The growls from the cave in front of the altar grew louder, deeper, no longer just a sound but a resonant, bone-deep vibration she felt in the cold stone beneath her and in the hollow of her own chest. Something was moving in there, something massive and monstrous, and an ancient, musty smell of wet rock and carnivore breath wafted from the darkness. She squirmed with all her might against the rough, fibrous vines, feeling them bite deeper into her wrists and ankles, but it was no use. If only Adam were here; with his strength, he would break these bonds in an instant, a thought that was both a comfort and an agony.
A group of apes, larger and fiercer than the rest, broke from the chaotic throng. Their faces were painted with elaborate white markings, a paste made from bone ash and clay that gave them the appearance of grim, spectral warriors in the storm’s intermittent light. They moved with a terrifying calm, their eyes fixed on her. They surrounded her pedestal and began pounding the ground with their fists, a powerful, primal drum that shook the very earth, a beat that felt like the world’s slowing heart.
As a brilliant flash of lightning bleached the arena white, a powerful roar thundered from within the cave, a sound so deep and profound it made the air itself vibrate in her lungs. Eve’s breath congealed. That sound didn’t come from the storm; it was the roar of a living creature of untold size and power, a god of the deep places. From within the cave’s gaping maw, she perceived a large, furry arm reaching blindly out into the rain-soaked air. It was covered in thick, matted black fur, the hand resembling the paw of a gorilla but monstrously oversized. The arm was as thick as an ancient tree trunk, the hand alone larger than her entire body. Its fingers, each tipped with a dull, yellowing claw, curled and uncurled with a slow, terrifying curiosity.

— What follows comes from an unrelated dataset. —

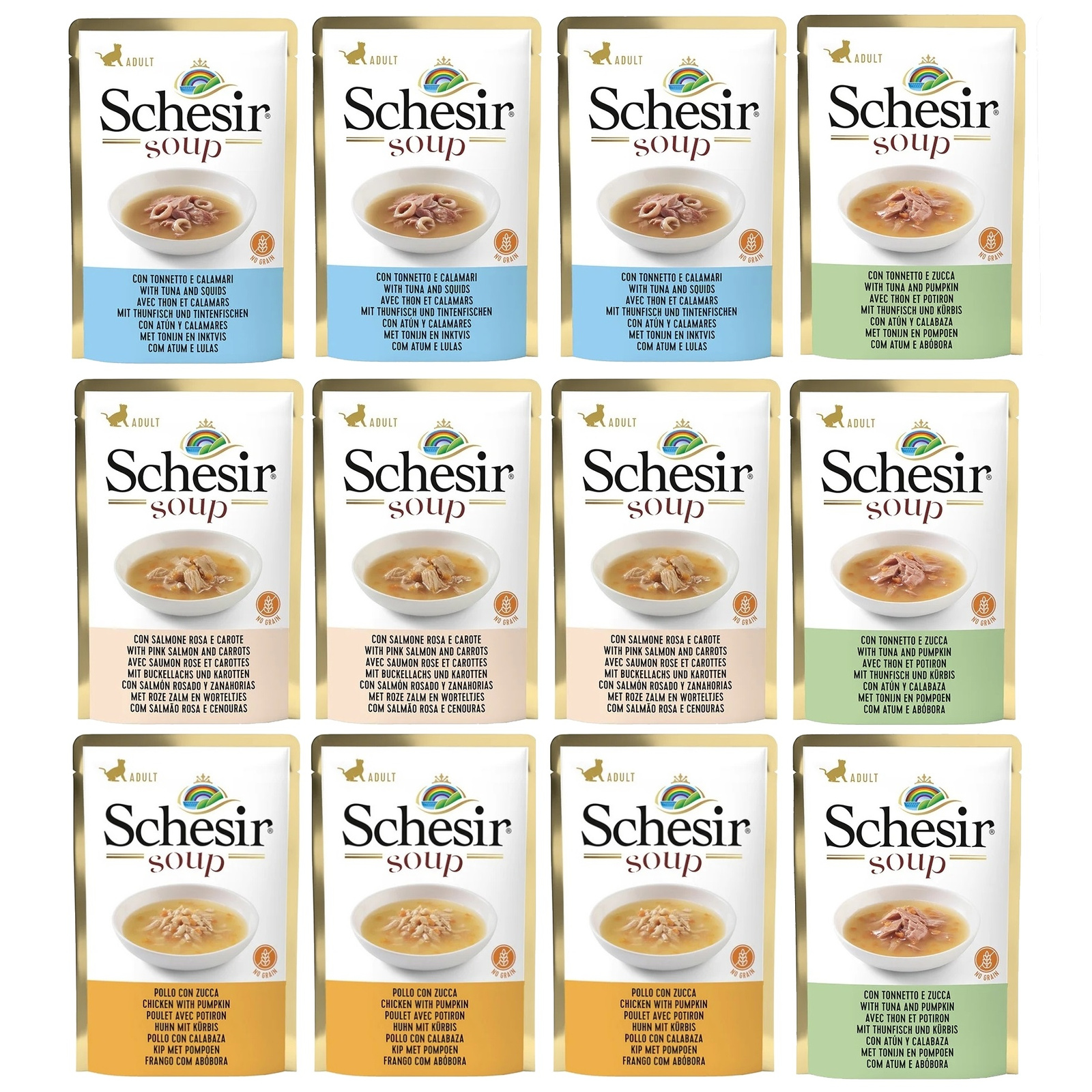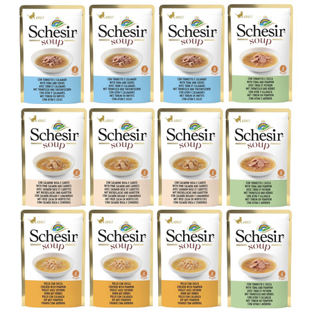 SCHESIR SOUP MOKRA KARMA DLA KOTÓW ZUPA KOTA MIX SMAKÓW SASZETKA 12x85g

Eve screamed her heart out, a raw sound that expressed the full depth of her terror and her hatred. A few of the apes, even in their frenzy, were so frightened by the noise she made that they skittered away from the altar. This was it. She knew this was it.
As if hoping against hope that he might somehow hear her cries in the afterlife, she screamed, “ADAM!”
Miraculously, she heard his booming voice answer her. “EVE!”
She gasped, her head snapping around so fast a wave of dizziness washed over her. Every ape in the arena turned with her. Adam exploded from the jungle, a force of nature given flesh, roaring like a madman as he charged the army of hundreds of apes head-on. A satchel overflowing with weapons was strapped to his back, a bow already drawn in his hand, a quiver of arrows on his belt. At his side, Toothy came roaring in, as big as a horse and many times fiercer, his saber teeth flashing like ivory scythes as he roared his challenge to the world.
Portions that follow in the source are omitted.